### WHAT NEEDS TO BE DONE
Look through the records below for the line with "Документ описывает создание" and the line with "Фантастика стає реальністю: Астронавт", then return those lines and all lines between, exactly.

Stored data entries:

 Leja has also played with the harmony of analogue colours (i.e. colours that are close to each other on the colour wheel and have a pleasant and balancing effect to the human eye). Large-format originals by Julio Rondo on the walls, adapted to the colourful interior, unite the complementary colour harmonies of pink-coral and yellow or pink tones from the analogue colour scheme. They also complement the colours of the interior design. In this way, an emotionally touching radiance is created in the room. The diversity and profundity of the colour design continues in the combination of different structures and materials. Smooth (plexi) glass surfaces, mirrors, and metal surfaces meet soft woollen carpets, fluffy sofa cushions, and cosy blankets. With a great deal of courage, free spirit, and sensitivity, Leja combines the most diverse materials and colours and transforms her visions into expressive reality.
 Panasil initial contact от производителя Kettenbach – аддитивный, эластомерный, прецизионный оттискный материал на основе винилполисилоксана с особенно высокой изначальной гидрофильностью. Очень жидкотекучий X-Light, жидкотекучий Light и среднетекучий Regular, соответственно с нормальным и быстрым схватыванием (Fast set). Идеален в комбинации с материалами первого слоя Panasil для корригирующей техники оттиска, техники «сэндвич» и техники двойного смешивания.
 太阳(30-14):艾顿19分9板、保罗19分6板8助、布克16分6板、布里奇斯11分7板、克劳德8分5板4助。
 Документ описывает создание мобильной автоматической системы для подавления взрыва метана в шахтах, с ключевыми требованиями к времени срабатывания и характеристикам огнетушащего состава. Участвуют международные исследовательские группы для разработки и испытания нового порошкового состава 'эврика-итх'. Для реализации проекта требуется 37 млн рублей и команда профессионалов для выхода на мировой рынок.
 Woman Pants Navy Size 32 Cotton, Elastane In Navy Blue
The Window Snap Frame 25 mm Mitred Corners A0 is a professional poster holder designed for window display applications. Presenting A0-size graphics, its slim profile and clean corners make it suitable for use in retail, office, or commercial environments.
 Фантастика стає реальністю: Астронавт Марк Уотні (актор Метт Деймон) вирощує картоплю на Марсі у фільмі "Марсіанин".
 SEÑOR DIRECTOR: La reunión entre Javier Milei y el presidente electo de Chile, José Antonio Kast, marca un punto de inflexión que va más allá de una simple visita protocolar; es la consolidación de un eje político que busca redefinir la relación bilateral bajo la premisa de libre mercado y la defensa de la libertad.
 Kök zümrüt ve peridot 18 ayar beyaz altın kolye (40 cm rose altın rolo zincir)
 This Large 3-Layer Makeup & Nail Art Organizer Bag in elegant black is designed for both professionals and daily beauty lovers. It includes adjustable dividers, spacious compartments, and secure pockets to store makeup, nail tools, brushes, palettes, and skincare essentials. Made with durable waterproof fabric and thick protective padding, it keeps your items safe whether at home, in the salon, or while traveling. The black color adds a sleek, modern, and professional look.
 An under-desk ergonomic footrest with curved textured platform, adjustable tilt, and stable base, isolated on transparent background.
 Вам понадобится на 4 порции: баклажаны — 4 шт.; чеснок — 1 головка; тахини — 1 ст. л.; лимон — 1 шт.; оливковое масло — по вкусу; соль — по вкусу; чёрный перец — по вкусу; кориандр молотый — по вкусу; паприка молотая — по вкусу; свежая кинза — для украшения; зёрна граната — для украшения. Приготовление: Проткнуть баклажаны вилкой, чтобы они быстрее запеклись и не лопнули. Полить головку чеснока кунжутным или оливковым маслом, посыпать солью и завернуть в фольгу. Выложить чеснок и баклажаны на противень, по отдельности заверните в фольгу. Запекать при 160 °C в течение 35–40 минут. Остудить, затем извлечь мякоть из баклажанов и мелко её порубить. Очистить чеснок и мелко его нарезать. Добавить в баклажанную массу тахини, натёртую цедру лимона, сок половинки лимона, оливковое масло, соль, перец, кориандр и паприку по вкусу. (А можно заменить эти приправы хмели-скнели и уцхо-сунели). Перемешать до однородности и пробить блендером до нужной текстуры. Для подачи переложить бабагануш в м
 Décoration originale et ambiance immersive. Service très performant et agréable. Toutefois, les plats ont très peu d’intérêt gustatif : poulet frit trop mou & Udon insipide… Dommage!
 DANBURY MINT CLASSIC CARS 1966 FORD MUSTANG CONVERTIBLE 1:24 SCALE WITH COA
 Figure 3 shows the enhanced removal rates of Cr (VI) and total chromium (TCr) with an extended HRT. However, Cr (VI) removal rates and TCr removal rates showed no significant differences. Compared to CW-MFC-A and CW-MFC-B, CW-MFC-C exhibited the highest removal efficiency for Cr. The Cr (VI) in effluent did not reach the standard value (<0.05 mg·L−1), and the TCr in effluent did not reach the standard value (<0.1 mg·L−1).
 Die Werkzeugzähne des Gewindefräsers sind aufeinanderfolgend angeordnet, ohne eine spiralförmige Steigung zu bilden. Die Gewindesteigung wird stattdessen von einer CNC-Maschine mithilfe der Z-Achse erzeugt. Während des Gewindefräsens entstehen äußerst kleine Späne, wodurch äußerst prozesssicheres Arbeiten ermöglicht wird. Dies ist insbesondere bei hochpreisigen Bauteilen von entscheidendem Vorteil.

### PROBLEM SOLUTION
 Документ описывает создание мобильной автоматической системы для подавления взрыва метана в шахтах, с ключевыми требованиями к времени срабатывания и характеристикам огнетушащего состава. Участвуют международные исследовательские группы для разработки и испытания нового порошкового состава 'эврика-итх'. Для реализации проекта требуется 37 млн рублей и команда профессионалов для выхода на мировой рынок.
 Woman Pants Navy Size 32 Cotton, Elastane In Navy Blue
The Window Snap Frame 25 mm Mitred Corners A0 is a professional poster holder designed for window display applications. Presenting A0-size graphics, its slim profile and clean corners make it suitable for use in retail, office, or commercial environments.
 Фантастика стає реальністю: Астронавт Марк Уотні (актор Метт Деймон) вирощує картоплю на Марсі у фільмі "Марсіанин".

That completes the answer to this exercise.